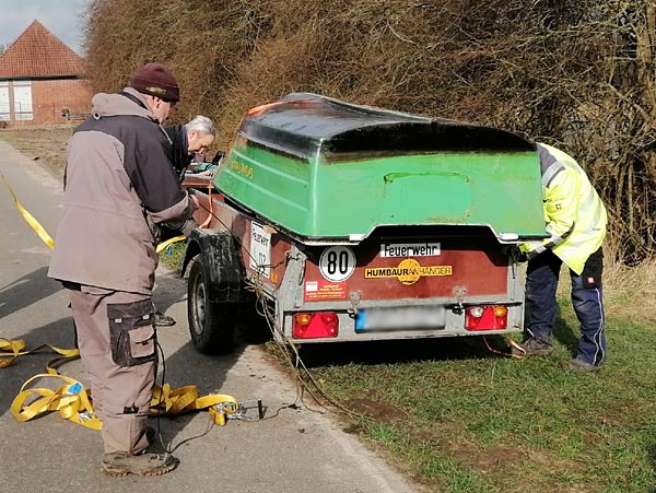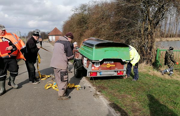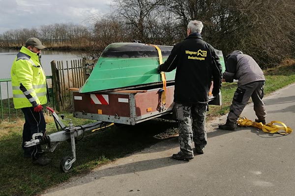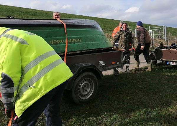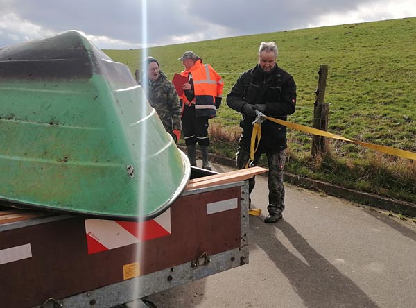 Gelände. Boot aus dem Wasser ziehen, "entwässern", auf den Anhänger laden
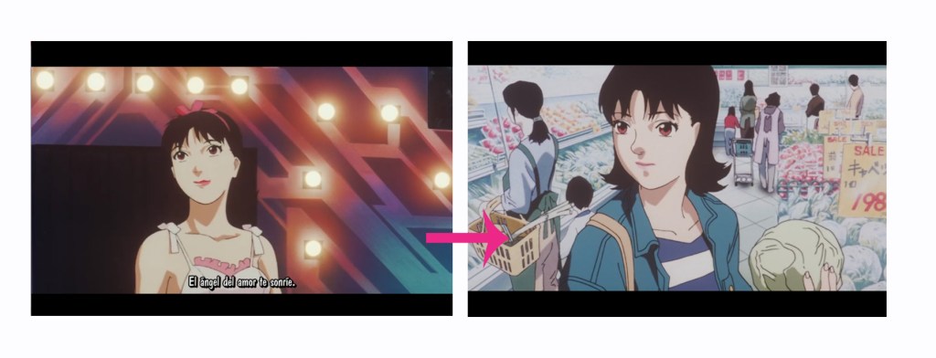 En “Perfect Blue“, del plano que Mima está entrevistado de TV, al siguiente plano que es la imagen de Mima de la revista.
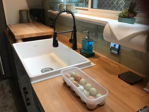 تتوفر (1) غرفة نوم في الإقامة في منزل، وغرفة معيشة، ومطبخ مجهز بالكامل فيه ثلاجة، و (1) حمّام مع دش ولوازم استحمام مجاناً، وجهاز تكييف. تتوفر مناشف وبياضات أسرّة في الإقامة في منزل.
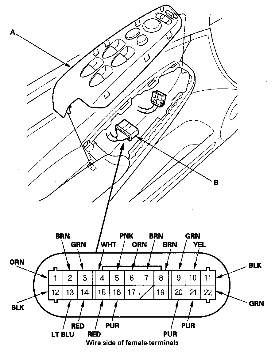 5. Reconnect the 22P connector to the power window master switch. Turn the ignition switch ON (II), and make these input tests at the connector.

• [What the task requires]:
No pictures belong in the copy. Repeat the listing above exactly.

• [Task answer]:
 Gelände. Boot aus dem Wasser ziehen, "entwässern", auf den Anhänger laden
 En “Perfect Blue“, del plano que Mima está entrevistado de TV, al siguiente plano que es la imagen de Mima de la revista.
 تتوفر (1) غرفة نوم في الإقامة في منزل، وغرفة معيشة، ومطبخ مجهز بالكامل فيه ثلاجة، و (1) حمّام مع دش ولوازم استحمام مجاناً، وجهاز تكييف. تتوفر مناشف وبياضات أسرّة في الإقامة في منزل.
 5. Reconnect the 22P connector to the power window master switch. Turn the ignition switch ON (II), and make these input tests at the connector.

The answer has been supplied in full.